Health
Delaware Leads Push for Congress to Extend Health Care Subsidies
Delaware has emerged as a key player in a coalition of states advocating for the continuation of health care subsidies tied to the Affordable Care Act (ACA). More than a dozen states are urging Congress to preserve the enhanced premium tax credits, which are scheduled to expire at the end of 2025. These credits are vital for many residents as they help make health insurance more affordable through the Healthcare.gov marketplace.
Delaware Governor Matt Meyer recently joined forces with 17 other governors in a letter addressed to leaders in both the House and Senate, appealing for the extension of these crucial subsidies. During a news conference, Meyer highlighted the potential consequences for Delaware residents: “Thousands of our neighbors are projected to lose the subsidies that keep their health care within reach, with many unable to find a new plan at all.” He emphasized that when families face difficult choices between housing, food, and health care, it adversely affects not just Delaware’s economy but the broader national economy.
The Urban Institute, a reputable think tank in Washington, D.C., emphasizes that the enhanced tax credits have made insurance more accessible, particularly for those with incomes above 400% of the federal poverty level. Currently, over 21 million Americans rely on marketplace plans supported by these subsidies. Without an extension, average premiums may increase by more than 75%, with rural areas potentially facing hikes of up to 90%. This could result in an average increase of approximately $700 annually for families. In Delaware alone, over 16,000 residents risk losing their subsidies, with around 5,000 facing the possibility of losing insurance coverage entirely.
Delaware’s Deputy Insurance Commissioner Tanisha Merced reported that nearly 46,000 of the state’s more than 50,000 ACA enrollees benefit from tax credits, making up about 92% of policyholders. The subsidies have notably reduced premiums by an average of $538 per month, equating to savings of more than $6,400 annually. Merced warned that the loss of these enhanced subsidies could destabilize the state’s risk pools, leading to further premium increases for vulnerable populations, particularly those aged 55 to 64.

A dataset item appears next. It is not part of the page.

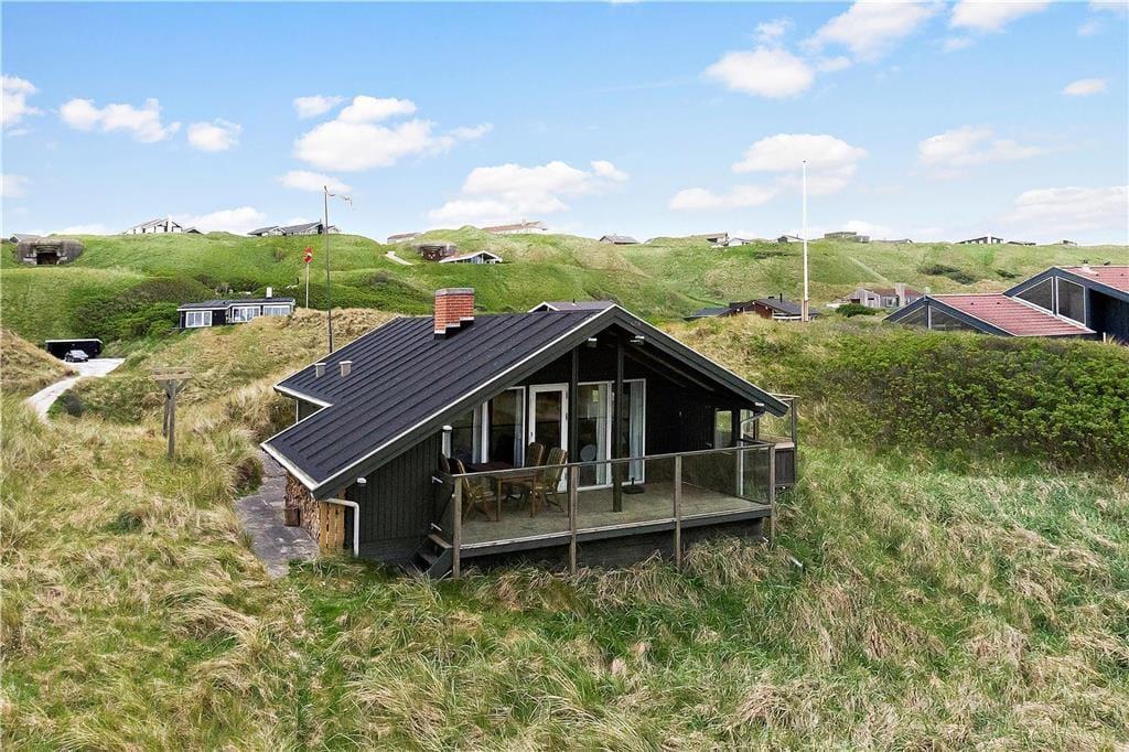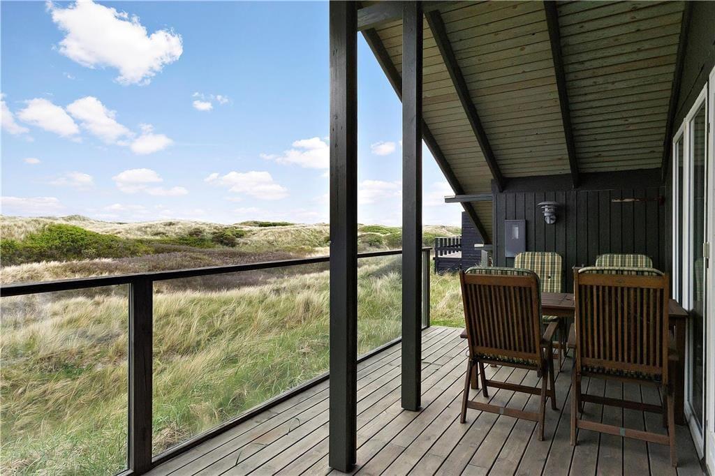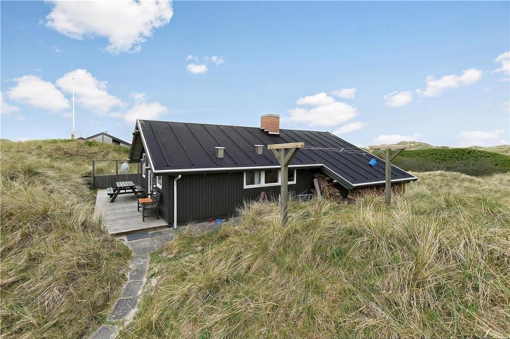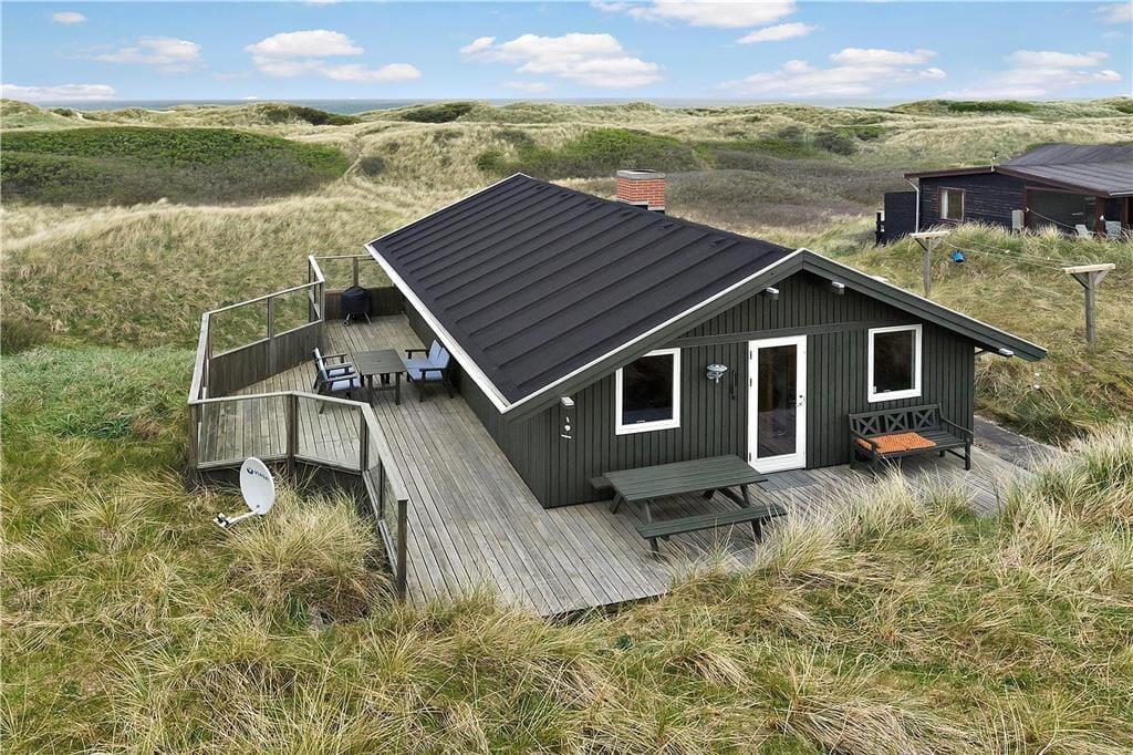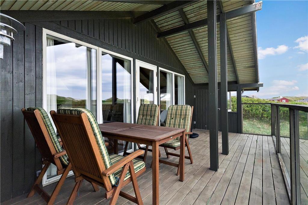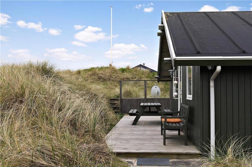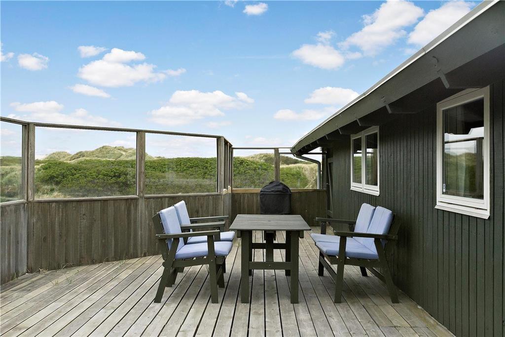 Høj sol, duften af frisk saltvand og udsigt til bølgende marehalm går godt i spænd, og hele herligheden kan nydes, når I slapper af på husets store klitgrund. Dejlige træterrasser breder sig om tre af husets sider, så I kan sætte jer lige der, hvor solforholdene er bedst. Mod vest og syd er terrassen skærmet af for vinden, og vestterrassen er desuden delvist overdækket.

The discussion surrounding these subsidies is central to ongoing budget negotiations in Congress. Lawmakers are currently working on a short-term budgetary solution, but disagreements over tax credits could lead to a government shutdown by the end of this month. The House Republicans have proposed a stopgap bill that would fund the government through November 21, 2023. However, the debate over the ACA subsidies has introduced significant tension, as House Speaker Mike Johnson accused Democrats of using the funding extension to push partisan agendas.
In contrast, Senate Democrats are advocating for the inclusion of enhanced subsidies in their competing continuing resolution, which aims to keep the government operational until October 31, 2023. This measure seeks to make the enhanced tax credits permanent, reverse Medicaid cuts, and restore funding for various programs, including public broadcasting.
Senate Minority Leader Chuck Schumer recently stated, “ACA tax credits must be expanded. We believe that firmly and strongly, not just to save Americans thousands more each year that they’d have to pay, but for the very lives that are at stake if this expires.”
Despite the urgency, Congresswoman Sarah McBride and Senators Lisa Blunt Rochester and Chris Coons did not respond to requests for comments regarding the ongoing negotiations. In a recent interview, Senator Coons mentioned that he and his Republican colleagues are committed to ensuring the government remains open, indicating that healthcare costs stemming from earlier tax legislation could be addressed during the appropriations process.
As the debate unfolds, Delaware’s health insurance marketplace is preparing for the upcoming open enrollment period beginning on November 1, amid rising premium rates. According to the Delaware Department of Insurance, approved premium increases for the three marketplace insurers will range from 25% to 35%.
The potential impacts of these legislative decisions will resonate throughout Delaware and beyond, as residents grapple with the implications for their health care coverage.